Shorter pieces include a “Book Clinic”, which appeared in The New Review magazine of The Observer newspaper, as well as a brief essay on Sigmund Freud’s death bed, published in Athene, the magazine of the Freud Museum London, and archived on the museum’s website:
In addition to these publications, Kahr has presented a number of talks, which include lectures on the history of psychiatry, on schizophrenia, and on hysterical and obsessive-compulsive neuroses for the newly-inaugurated “Diploma in Psychopathology: Theory and Practice”, sponsored by the continuing professional development organisation Confer, for which Kahr serves as Senior Course Director. Additionally, he has delivered keynote addresses to the Severnside Institute for Psychotherapy in Bristol and to the West Midlands Institute for Psychotherapy in Birmingham on the psychotogenic impact of unconscious parental death wishes. He also spoke at J.W.3 in North London with colleague Dr. Valerie Sinason as part of a special event on “How Freud Fled the Nazis”. Most recently, he has delivered the first two lectures of a new course on “Understanding Psychotherapy: A Social History of the Mind”, at Imperial College in the University of London, co-sponsored by the United Kingdom Council for Psychotherapy and chaired by its Chief Executive, Professor Sarah Niblock. Additionally, he facilitated a day-long workshop with live webcast for Confer, at Foyle’s bookshop in Central London, on “The Pleasures and Perils of a Psychotherapeutic Career: How to Flourish in the Impossible Profession”.
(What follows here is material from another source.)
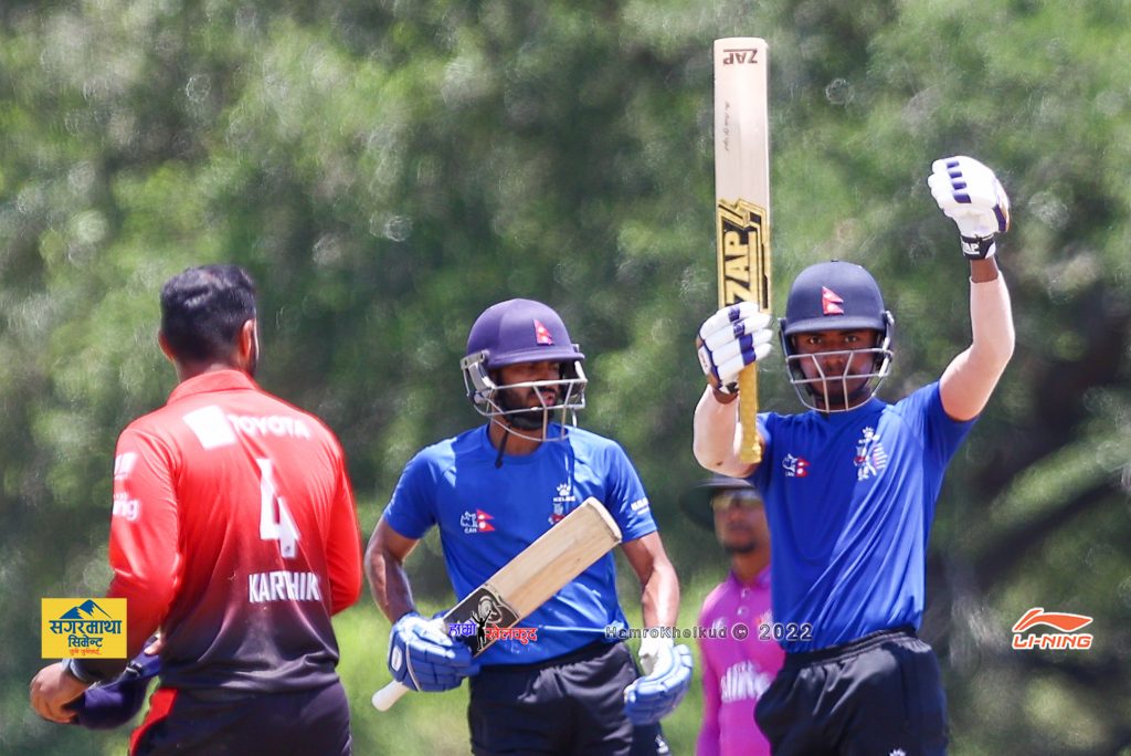 नेपालका कप्तान रोहित पौडेलले ९० बलमा ५ चौका र ४ छक्कासहित १ सय १ रनमा रन आउट भए । कमजोर सुरुवात गरेको नेपाललाई रोहितले सानदार शतकका साथ विशाल योगफलको आधार तय गरेका छन् । रोहितले ८९ बलमा शतक प्रहार गरेका थिए ।

Other activities have included a radio interview for Men’s Radio Station on the psychological implications of climate change as well as an interview for Radio Perth in Australia about the psychology of celebrity. Kahr has also become Consultant Editor to the newly founded periodical The International Journal of Forensic Psychotherapy, the official publication of the International Association for Forensic Psychotherapy, supervised by the Editors-in-Chief, Jessica Collier and Dr. Carine Minne – two distinguished forensic mental health practitioners.